TDMA (Time Division Multiple Access) allocates a time slot to the user in a repetitive time frame. The signal is digitized and the data bits are stored in a buffer in a compressed time frame until their allocated time slot comes around when they are transmitted during their allocated time. At the receiver end of the link the bits are rearranged, spreading them out to reassemble the original digital signal and converted back to analogue form. The signal occupies the entire transponder bandwidth, but only during its allocated time slot. The rest of the time the bandwidth is available to other users. Digital signals typically have better noise immunity than analogue signals.
FDMA (Frequency Division Multiple Access) shares the bandwidth between the users, with each user allocated a unique, narrower section of the available bandwidth.

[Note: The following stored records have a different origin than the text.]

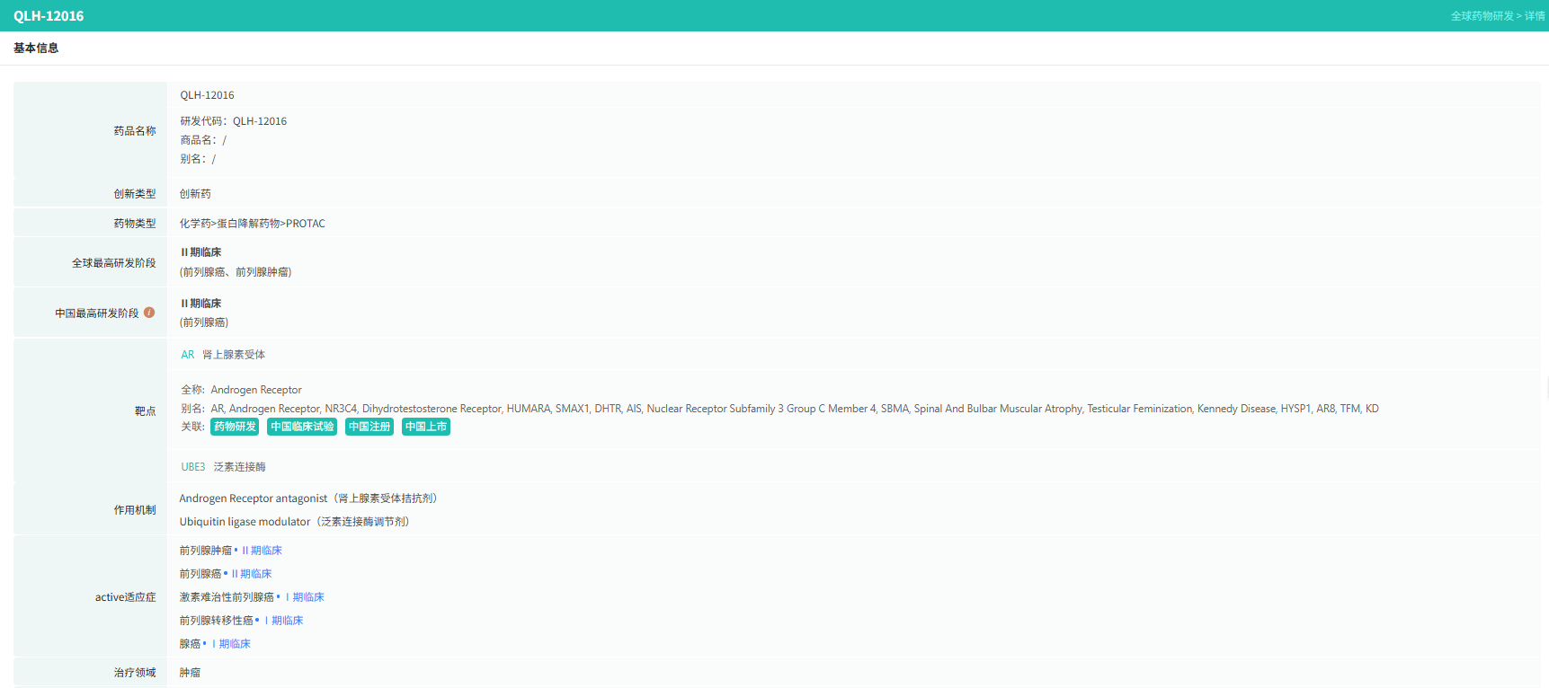 QLH12016在2025年ESMO大会上的亮相,不仅展现了PROTAC技术在mCRPC领域的突破性潜力,更填补了多线耐药患者的治疗空白。其“强效降解、低毒耐受、突破耐药”的特性,有望重塑mCRPC的治疗格局。2023年8月,国家药品监督管理局药审中心(CDE)官网临床试验默示许可栏已公示[2],齐鲁制药1类新药QLH12016胶囊获批临床,可用于治疗包含晚期前列腺癌在内的恶性实体瘤。
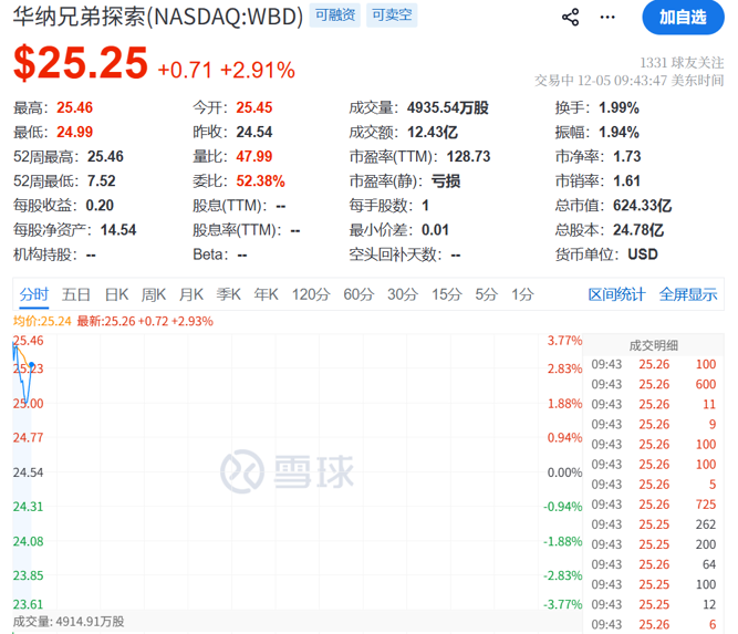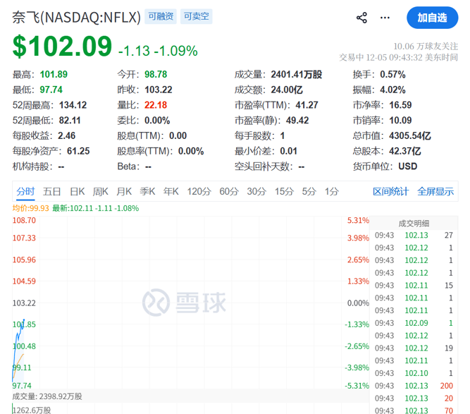 受此消息影响,Netflix股价下跌,而华纳兄弟股价上涨。
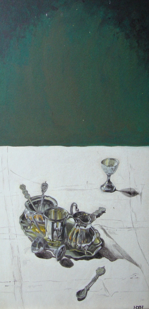 Stilleven met zilverwaren op een wit kleedje met expressieve goene achtergrond.
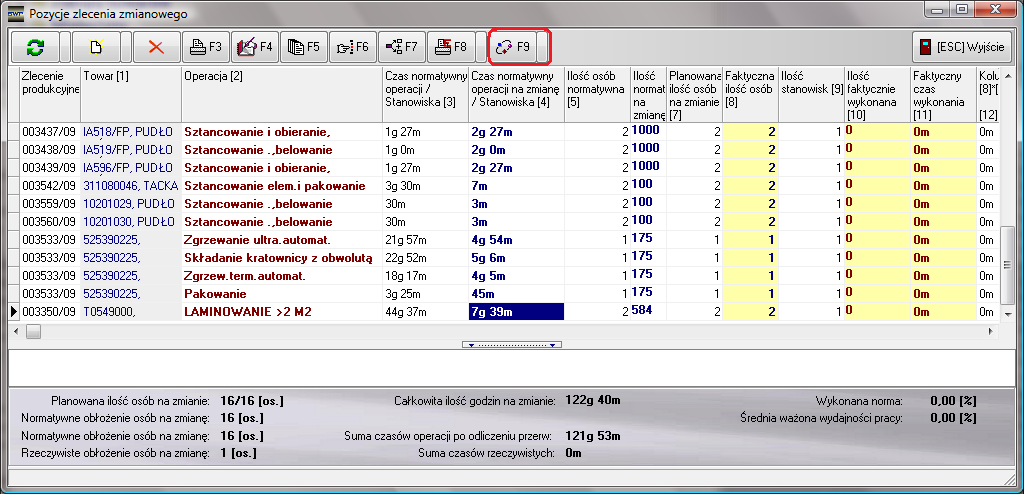 Mechanizm został dodany do okna pozycji zleceń zmianowych. W pasku narzędzi okna dostępny jest klawisz "F9". Klawisz służy do otwarcia formularz rejestracji wybraku.
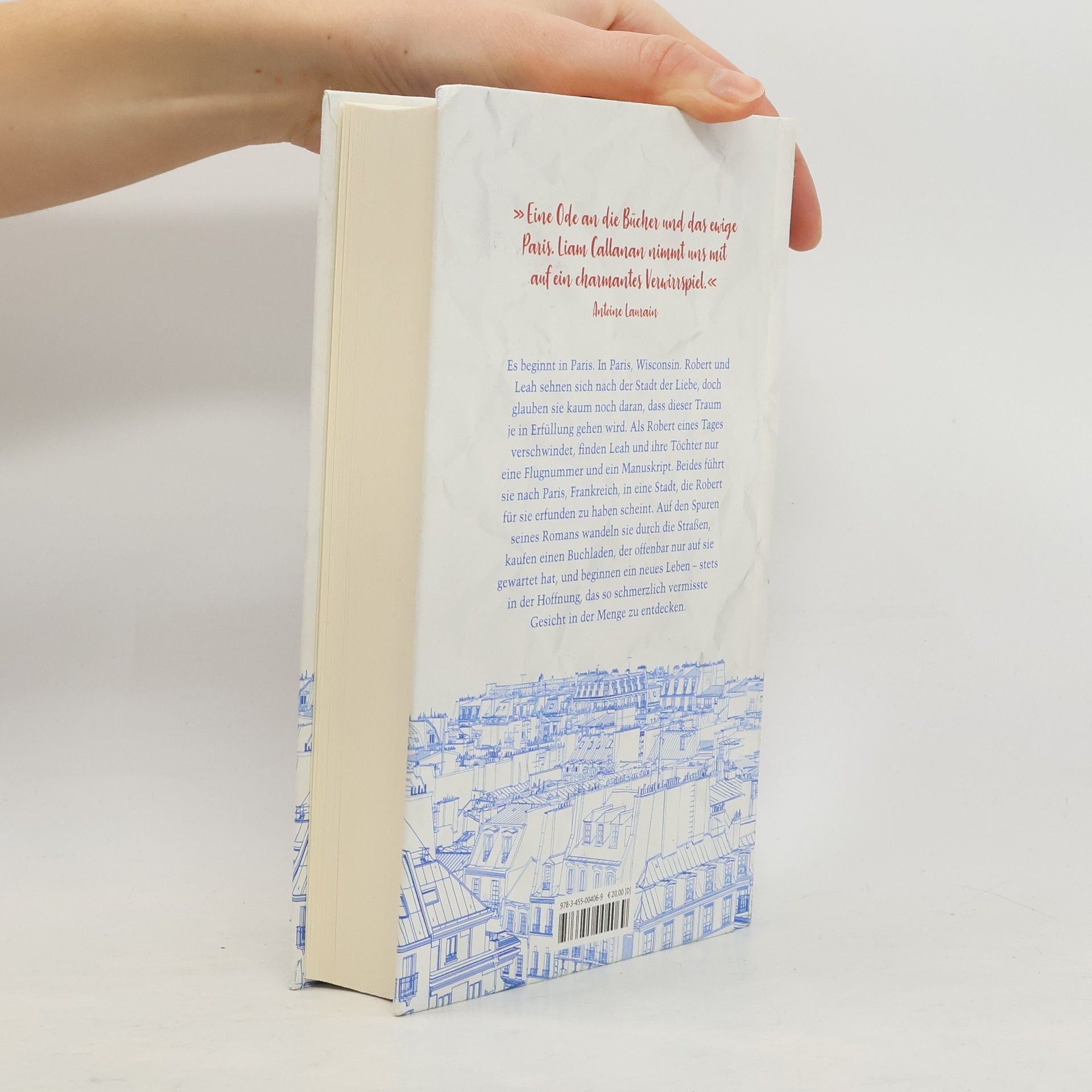 »Eine Ode an die Bücher und das ewige Paris. Liam Callanan nimmt uns mit auf ein charmantes Verwirrspiel.« Antoine Laurain Es beginnt in Paris. In Paris, Wisconsin. Robert und Leah sehnen sich nach der Stadt der Liebe, doch glauben sie kaum noch daran, dass dieser Traum je in Erfüllung gehen wird. Als Robert eines Tages verschwindet, finden Leah und ihre Töchter nur eine Flugnummer und ein Manuskript. Es führt sie nach Paris, Frankreich; in eine Stadt, die Robert für sie erfunden zu haben scheint. Auf den Spuren seines Romans, der ihnen wie ihr eigenes Leben vorkommt, wandeln sie durch die Straßen, kaufen einen Buchladen, der offenbar nur auf sie gewartet hat und beginnen ein neues Leben – stets in der Hoffnung, das so schmerzlich vermisste Gesicht in der Menge zu entdecken.
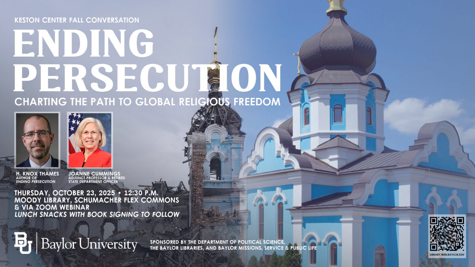 On Thursday, October 23, 2025, at 12:30 p.m. in the Schumacher Flex Commons of Moody Memorial Library on the campus of Baylor University, the Keston Center for Religion, Politics, and Society welcomes International Human Rights Lawyer and author H. Knox Thames to discuss topics from his recent publication, Ending Persecution: Charting the Path to Global Religious Freedom, in conversation with Baylor Adjunct Professor of Political Science and Retired State Department Officer, Joanne Cummings. This conversation is free and open to the public. Lunch snacks will be provided. A time for audience Q&A and a book signing will follow the conversation.
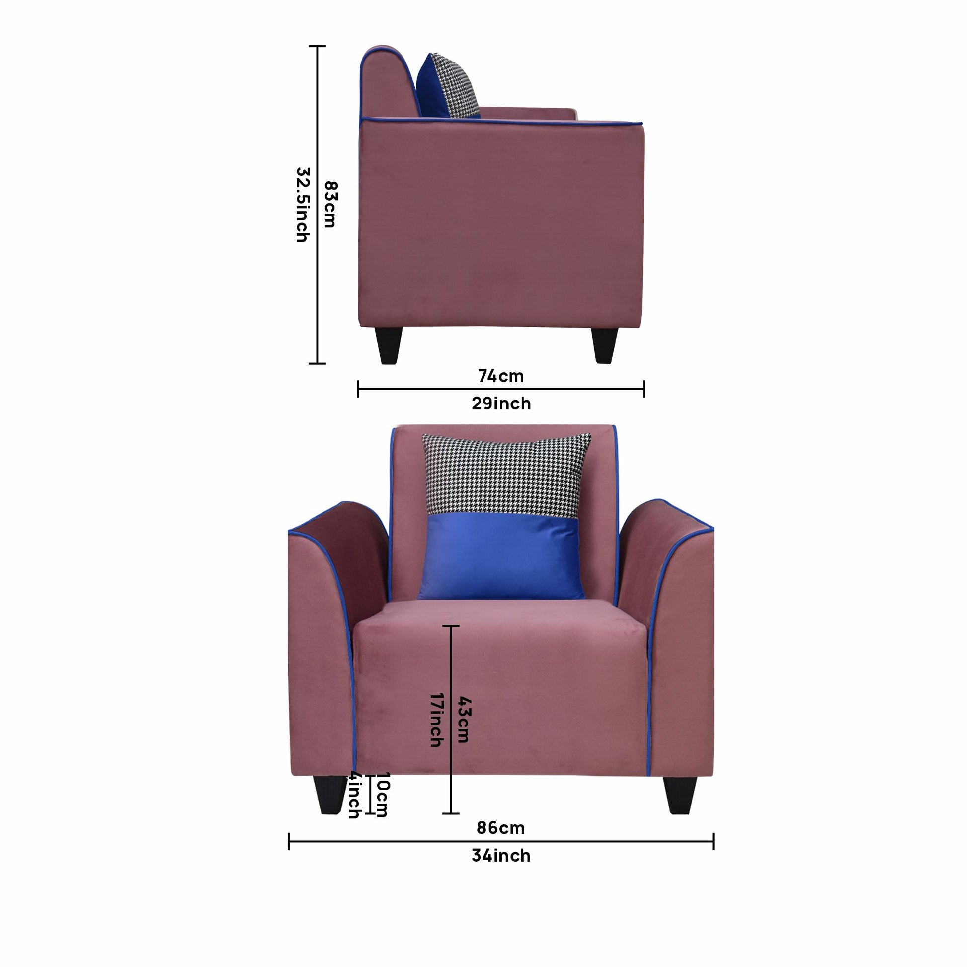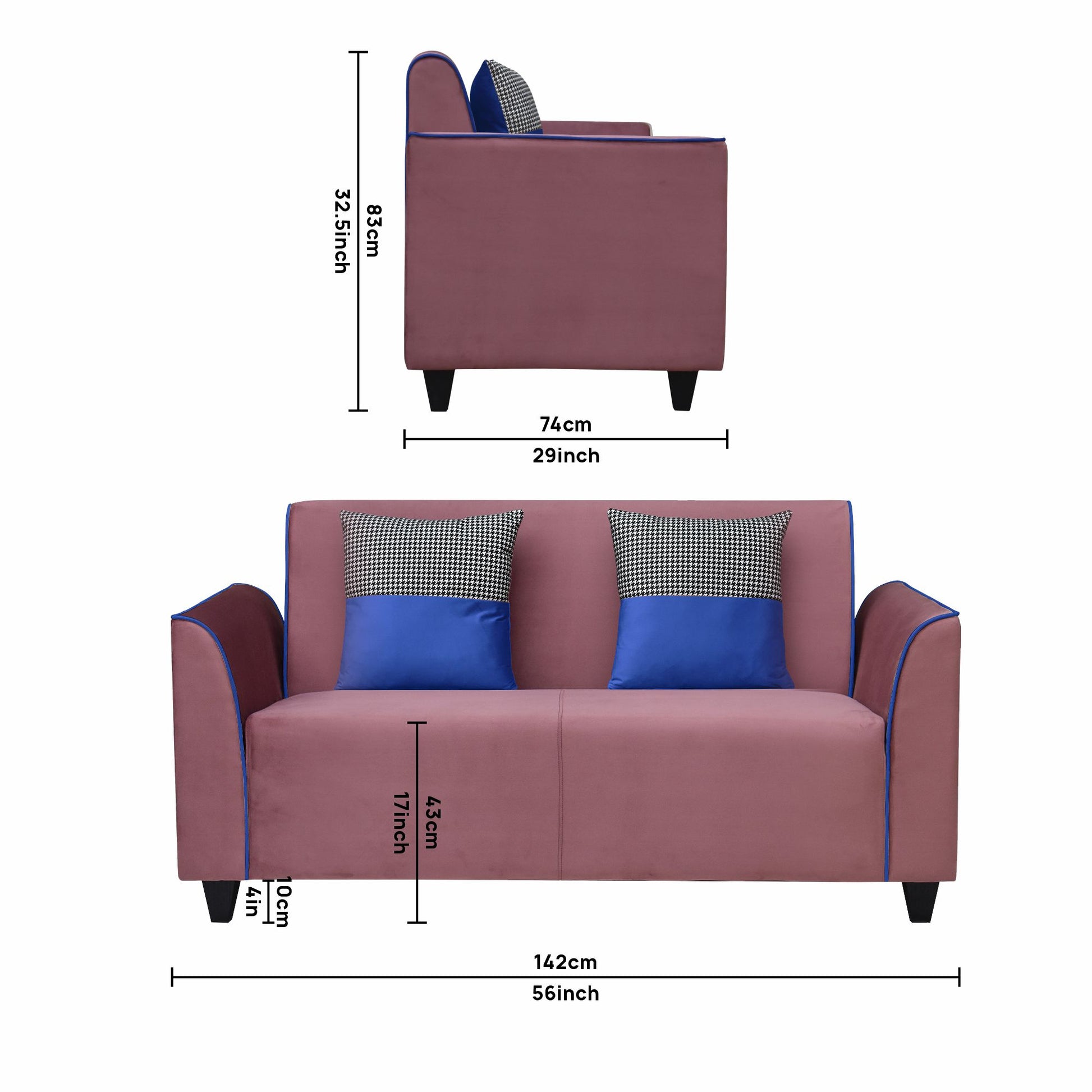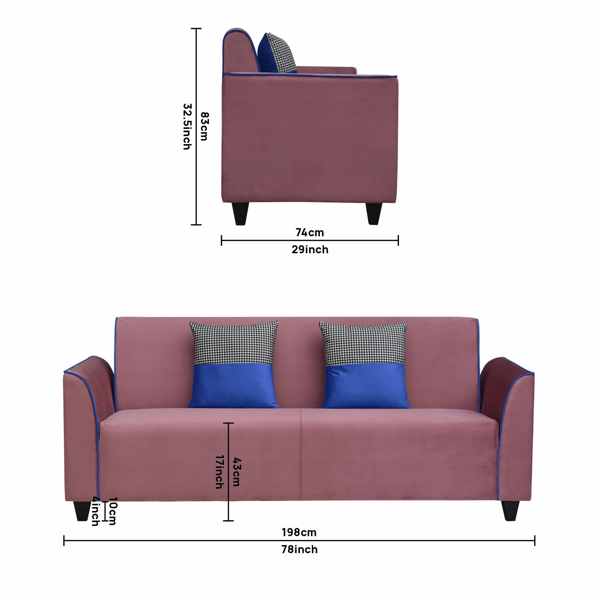 Beckett Cushion Back Fabric Sofa - Dark Pink & Blue
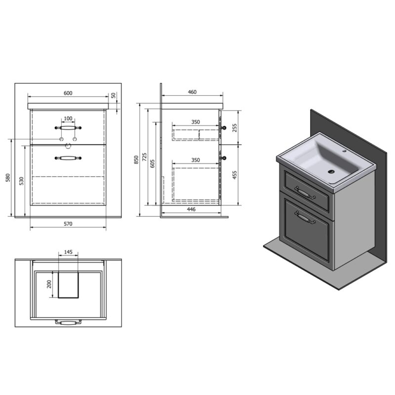 Domovská stránka » Katalóg » AQUALINE – FAVOLO umývadlová skrinka 57×72,5×44,6cm, biela mat FV260

It works with analogue signals and all users have uninterrupted use of their own narrow frequency band or channel with all users occupying the available bandwidth simultaneously, each within their own narrow channel. The sender’s signal, called the baseband signal, is frequency shifted into the allocated frequency band for transmission and the receiver restores it back to the baseband.
CDMA (Code Division Multiple Access) also known a Spread Spectrum, modulates the user’s signal with a pseudorandom code so that it occupies the full available spectrum, appearing as noise. The receiver uses the same pseudorandom code in an auto correlator device, which only recognizes a signal modulated with the same auto code and thus separates it from the noise. CDMA is more complex but has better noise immunity and provides greater security than the other two systems.